Some will say that we are all specialists some are better hangers while others are the best finishers.

Others say that there is only one neck to wring if a company does it all, hang and finish. Nobody else to blame other than the framers.

Thanks for the input.


----------



## taper71 (Dec 5, 2006)

I used to hang and finish. I only finish now though. I got sick of unreliable help for hanging. On a different note i believe every boarder should be a taper as well. It makes them better IMO


----------



## Mud Master (Feb 26, 2007)

I agree with Taper, even if you don't hang & finish as your trade, you should still know how to do both.

For residential(new homes and additions)..we hang and finish. I do not mess with anything else.

For Commercial, which is more of what I do..we furnish & install the metal framing, insulation, drywall, finishing, acoustics, doors & hardware, and cove base. 

I have always believed that the more versitile you are, the more in demand you are. 

Besides, if you do it all, and something goes wrong, you have no one to blame but yourself.


----------



## 1KingOfDrywall (Jan 14, 2007)

*good points being made here*

I was originally a finisher BUT once I started my own company I had to learn how to Hang as well. I had a better understanding of how to hang because I knew what finishers expected. In my opinion to be the best you can be at the trade you gotta know every aspect inside and out.
Now as far as my workers go I do prefer to keep them only good at 1 thing and 1 thing only. Hangers hang, and finishers finish. But if you are in business for yourself you gotta know it all inside and out. I can honestly say in the past few years I have never-EVER been stumped on a drywall issue. I attribute that to the fact that I don't just finish but hang,repair,texture,plaster etc. If it's a ceiling or a wall...I do it all.


----------



## dougchips (Apr 23, 2006)

Is there a reason why you guys don't offer to paint your finished work? Working with one company for everything would be much easier on the GC/HO?


----------



## Mud Master (Feb 26, 2007)

dougchips said:


> Is there a reason why you guys don't offer to paint your finished work? Working with one company for everything would be much easier on the GC/HO?


 
Personally for me, my work consists of new developments..strip malls, restaurants, pad sites, tenant fit outs,etc..
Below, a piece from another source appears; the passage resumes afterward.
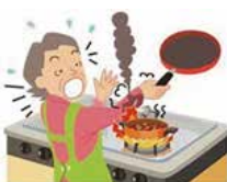
●着衣着火 (ガスコンロ)
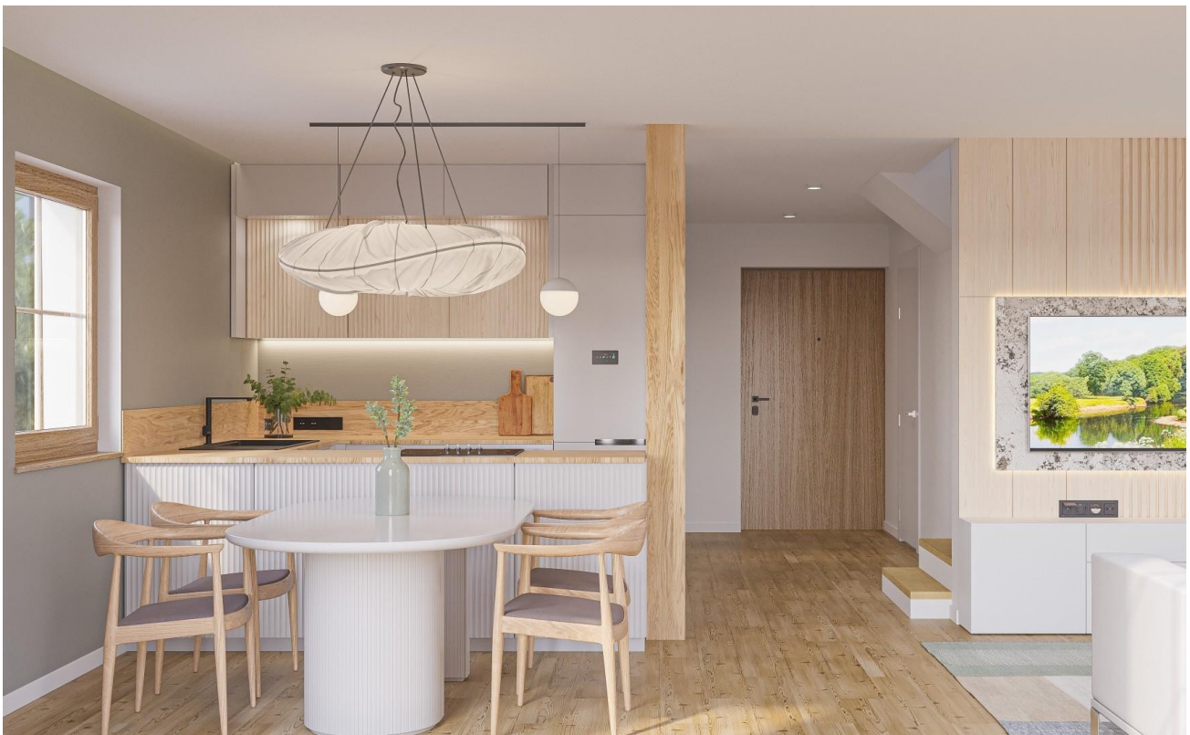
Küchen und Essbereich

When I take on a project like an office complex, and I have 60-100 fit outs on the contract, every minutes counts. After I frame, my guys can move onto the next space while the electricians,plumbers, and HVAC guys do what they gotta do, than I come back and can hang the rock, finish it, sand it, and hang the doors. Than the painters get in, spray it out, and the other trades come back in and do thier finals. After that THAN I can come back and install the acoustics, install the door hardware and run the cove base, do my punch out work and sign it off..that is how my jobs work. If I took the time to paint, it would just put me behind that much longer. This way by the time it the first shell is ready for punch out, I have 6 or 7 more framed and 3 or 4 sheetrocked & finished, so it keeps on moving along.

I used to paint, and I still do, but only 2 or 3 times a year. I am actually quite good at it, but only cut-in & rolling out, I can't use a sprayer and I don't have any desire to learn. I found that in new construction, it is better to let each sub do what they do best, let the framers frame, the hangers hang, the painters paint, the trimmers trim, etc..
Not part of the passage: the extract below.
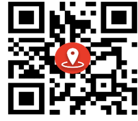
مرکز بهداشت شهرستان
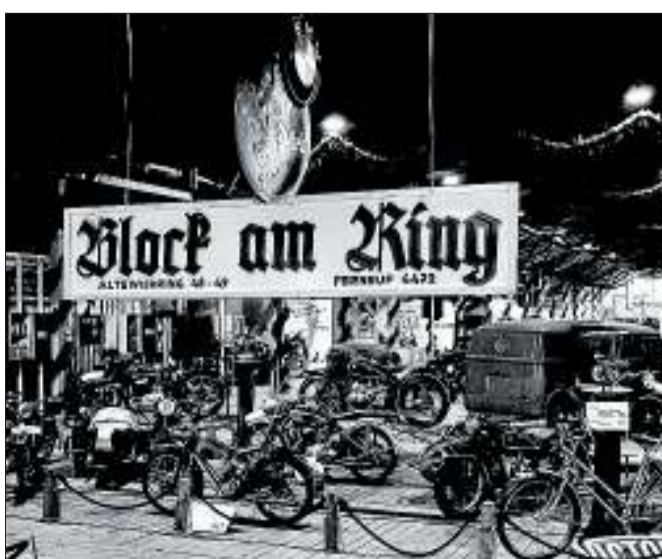
Der Beginn einer Erfolgsgeschichte: August Block startete 1896 mit einem Fahrradhandel am Altwiekering.

I came up as a general contractor working for my father before I decided to leave him and go to work for a company that specialized in commercial interiors. But my dad did it all, from foundation to punch out, and I found even though we were great at what we did, we took longer than someone who did it everyday. I can perform just about any trade minus electrical,plumbing,& HVAC, because I did it all for so many years. General contractors can do ALL of it, but a guy that paints once a project, is not going to be as fast as a guy that paints everyday. There are plenty of guys here in Maryland that are "XXX Drywall & Paint" or "XXX Paint & Drywall". But most of them do more painting than hanging, I only know one guy that hangs,finishes, and paints new homes, and he is not even licensed.
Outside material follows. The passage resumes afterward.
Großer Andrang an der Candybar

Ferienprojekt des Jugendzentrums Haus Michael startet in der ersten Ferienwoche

As far as residential goes, I do only do high end homes, and I just don't have the time to go back and prime and paint 1100 sheets plus doors & trim,lol.


----------



## dougchips (Apr 23, 2006)

Mud, how about a seperate painting crew? With your volume of work you could have painters fighting for your business!

BTW, you seem to have your stuff together, I just view it as a few extra dollars going ito someone elses pocket.


----------



## phinsher (Oct 27, 2005)

we're on a MUCH MUCH smaller scale than Mud Master, but the little home improvement contractors we work for love the fact that we'll hang, finish and paint. Even offereing to prime would be a bonus.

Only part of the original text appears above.